We just got the proofs from the photographers who were on the course and I couldn't help but laugh because I was always smiling at the camera and goofing off and Sue was focused on the course. I didn't realize it as it was happening but she was motivated and would not be distracted.

And then the sunshine, it has gone again this morning and taken the warm weather with it. I also found out last night as the weather was leaving by the vale of the night my Aunt has 4-6 weeks left to live. She was diagnosed earlier this year with terminal cancer and has recently decided not to continue chemotherapy. Which has led me to ponder about life and the way that it ends. She has been able to tie up loose ends and knows she is close to the end. Would I rather go out that way, or pass quietly in the night, or would I rather not think about it.

But it's going to happen sometime. Which leads me to think about why we try not to think about death? Do we not have a future hope of heaven? And if we as followers of Christ aren't comfortable about an afterlife than is the hope we have for people here on Earth, as we try to bring back people into this glorious light, enough? Does it say something about our faith if we aren't comfortable with the the thought of heaven?

Spring is coming and Easter is on the way, but this seems like an appropriate Lenten Post.

On the sunnier side, here are some pictures from the race.


Monday, March 2, 2009

Some days are better than others

Today was not a good day... It started out really well with Sue getting the day off and getting to see her in the morning but quickly changed. My Dad lost his job today. No one I have ever known works any harder or with more loyalty than my Dad. I don't hesitate to think that he will find a great job and that things will work out for my family but this has made the current financial downturn look entirely different to me.

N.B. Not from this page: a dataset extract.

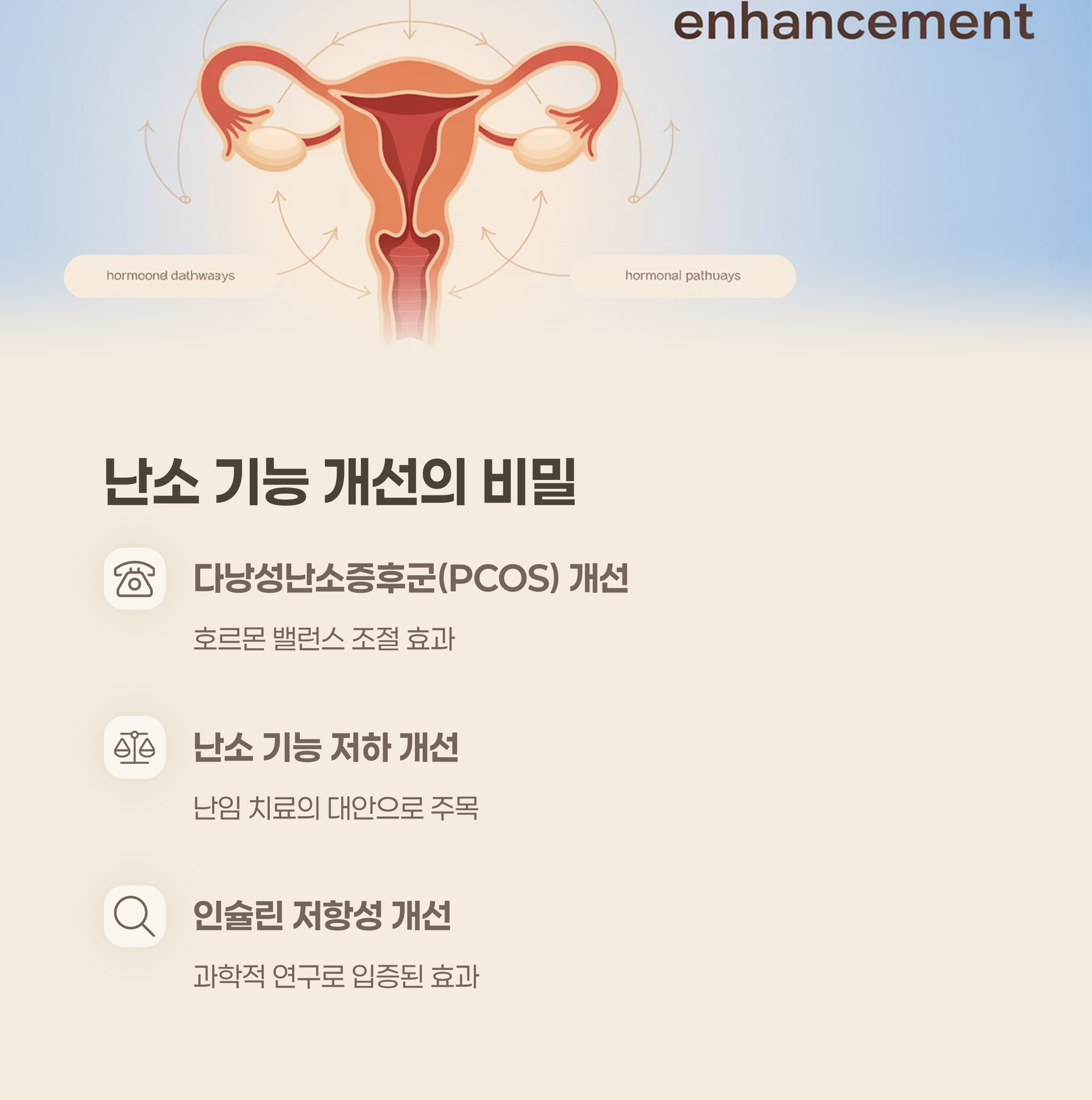 최근에는 호르몬 밸런스 조절 및 인슐린 저항성 개선 효과까지 밝혀져 난임 치료의 대안으로 주목받고 있습니다.

I have known for some time that it was bad, about one in ten give or take the state. I have even had friends around my age who have been laid off, so it was already personal for me on some level as well, but all of a sudden it seems harder.

It makes me question not just the current resolve of our country but the resolve of this young country for the next few years. If this recession gets really tough, and I don't think it will turn into anything like the 1930's with a 30% unemployment rate, but heaven forbid it does, I wonder if are ready to rebuild like our Great Grandparents and Grandparents did?

I just hope that today is just a bad day. And I hope that our economy comes back with a solid return soon enough and that it is not artificially inflated and therefore it is back with confidence for some time. Some days are better than others.